Data entries:
════════

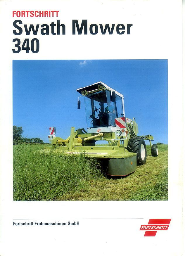 A 6 page brochure in mint condition for the Fortschritt 340 self-propelled swath mower, dated 1993; English text.
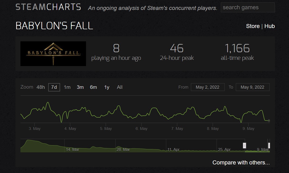 Según Steam Charts Data, Babylon’s Fall apenas logró captar unos 60 jugadores recurrentes en sus primeros 30 días en el mercado en la plataforma Steam. En comparación, el vapuleado Outriders —que también ha sido olvidado por los gamers— llegó a casi 900 jugadores en ese mismo lapso de tiempo.
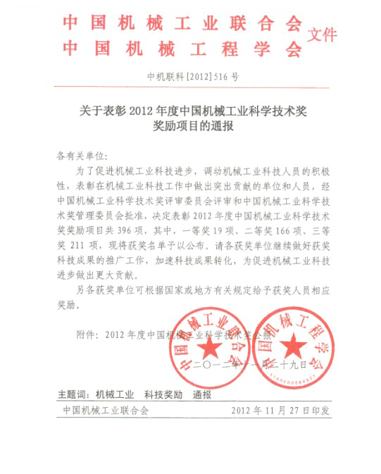 關于表彰2012年度中國機械工業科學技術獎獎勵項目
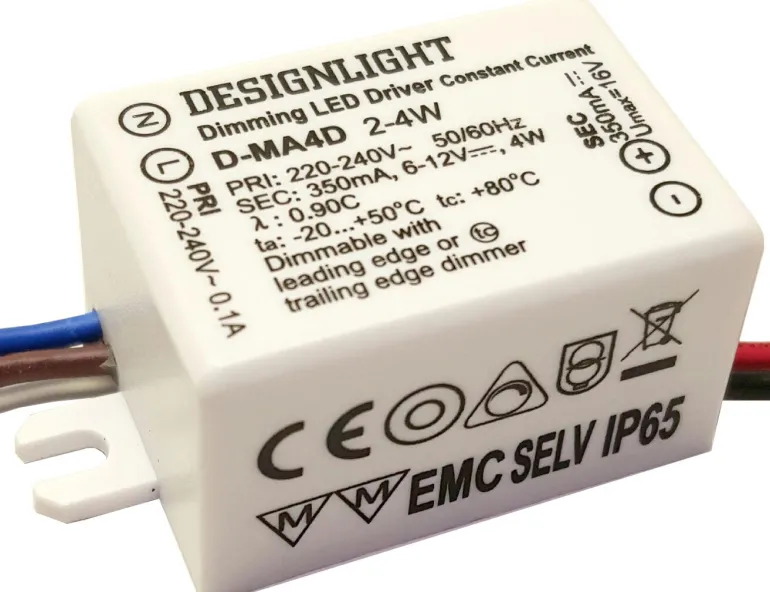 Suorakulmainen tai pyöreä liitäntälaite. Sopii asennettavaksi pieniin LED-alasvaloihin, joiden lähtövirta on 350 mA.
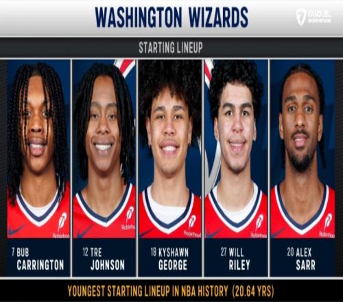 奇才队今日派出了NBA历史最年轻的首发阵容:平均20.64岁
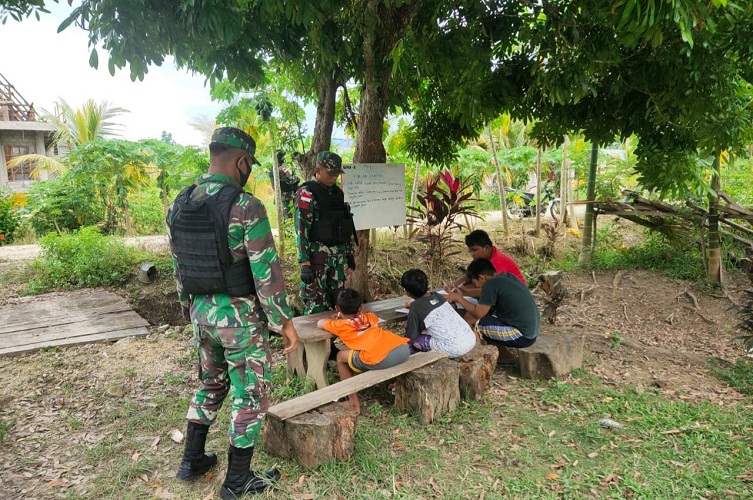 KEEROM | TRANSPUBLIK.co.id – Personel Pos Arso 13 Satgas Pamtas Republik Indonesia (RI)-Papua Nugini (PNG) Yonif Raider 100/PS memberikan Bimbingan Belajar (Bimbel) kepada anak-anak Sekolah SD Negeri Arso 13 di Kampung Naramben, Distrik Skanto, Kabupaten Keerom, Papua Minggu (15/11/2020).
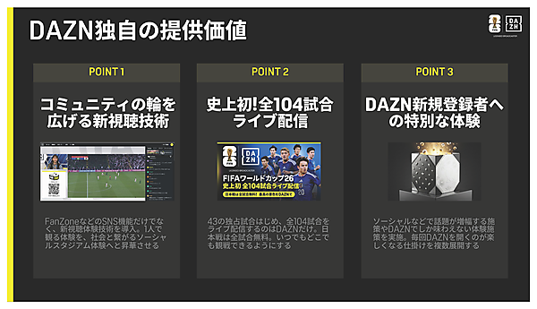 また、大勢で観戦できる大規模なイベントも計画しているという。DAZNは、スポーツエンターテインメントを進化させる構えだ。
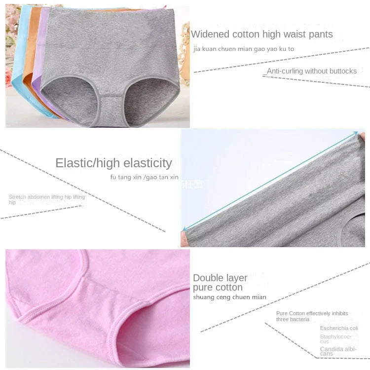 4 Pack Sexy New Women's Underwear Comfort Soft Women's Cotton Briefs Cozy High Waist Fashion Lingerie Breathable Fitness Sports
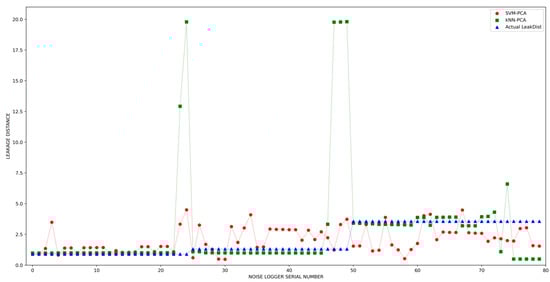 Visualization of the predicted and actual leakage distances for ensemble k-NN and LibSVM with PCA.
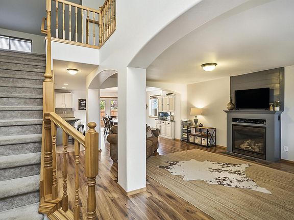 This great 4-bedroom 3-bathroom home has an open floor plan with a primary bedroom suite on the main floor, solid granite counters with tile backsplash in the kitchen with a large island and breakfast counter space that opens to a spacious living room complete with gas fireplace. Nicely landscaped back yard features a great wooden deck with pergola and concrete area perfect for entertaining or sitting around a fire pit before enjoying the hot tub. The upstairs bedrooms are separated by a bonus space perfect for watching television or gaming without interrupting the activities downstairs. The three-car garage has been partially converted to a man cave but can easily be converted back if parking inside is a higher priority. Come see all this home has to offer.
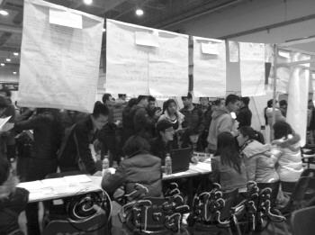 本报11月25日讯(记者 杨林) 25日上午,青岛市人力资源和社会保障局与中国海洋大学等20所高校联合举办的“送岗位进校园”大型招聘会举行,吸引了4万余名应届毕业生参加。 在25日的招聘会上,近千家企业提供了2万余个就业岗位,记者在招聘会上转了一圈发现,发现尽管绝大多数企业对应聘者的学历要求以专科、本科为主,但不少在读的研究生也来提前熟悉一下单位的用人要求。 “我们看上的公司看不上我们,公司看上我们我们又看不上公司。”来自青岛科技大学化工专业的王晓彤正在一家化工企业前投简历。她告诉记者,往年都有外企来学校招人,但今年来的企业少了,在学校参加了几次企业宣讲会以后,她决定来招聘会上试一试。和王晓彤一起来的还有同专业的刘洋,虽然今年已经保送了研究生,她也在找心仪的单位投简历。“先看看自己能不能达到用人单位的要求吧。”刘洋说,其实化工专业有的单位还是要求研究生专业,因为本科学的太少。自己虽然保送了研究生,还是对未来的就业没有把握。 来自中国海洋大学的李欣也抱有同样的想法。“如果包吃包住的话,一个月两三千的工资也可以。”李欣说,虽然今年保送了研究生,但得知有招聘会后,还是第一时间赶过来。如果单位不提供包吃包住,她希望的工资在三四千元以上。考虑到研究生课程不多,她想提前找个工作锻炼一下,了解一下用人单位的要求。 记者查看了多家用人单位接收的简历发现,不少准研究生赫然在目。中国建筑装饰集团有限公司华东分公司的柴经理认为,招来的应届生前两年基本都是公司往里搭钱培养,但只要应聘者有五六年的工作经验,公司并不在意他的学历。所以如果一些在校研究生提前工作,会弥补实践经验的不足。

════════

DESCRIPTION OF THE TASK:
Your reply should consist solely of the lines above from the line containing "4 Pack Sexy" up to and including the line containing "Visualization of the", reproduced exactly, minus the pictures.

THE COMPLETED TASK:
 4 Pack Sexy New Women's Underwear Comfort Soft Women's Cotton Briefs Cozy High Waist Fashion Lingerie Breathable Fitness Sports
 Visualization of the predicted and actual leakage distances for ensemble k-NN and LibSVM with PCA.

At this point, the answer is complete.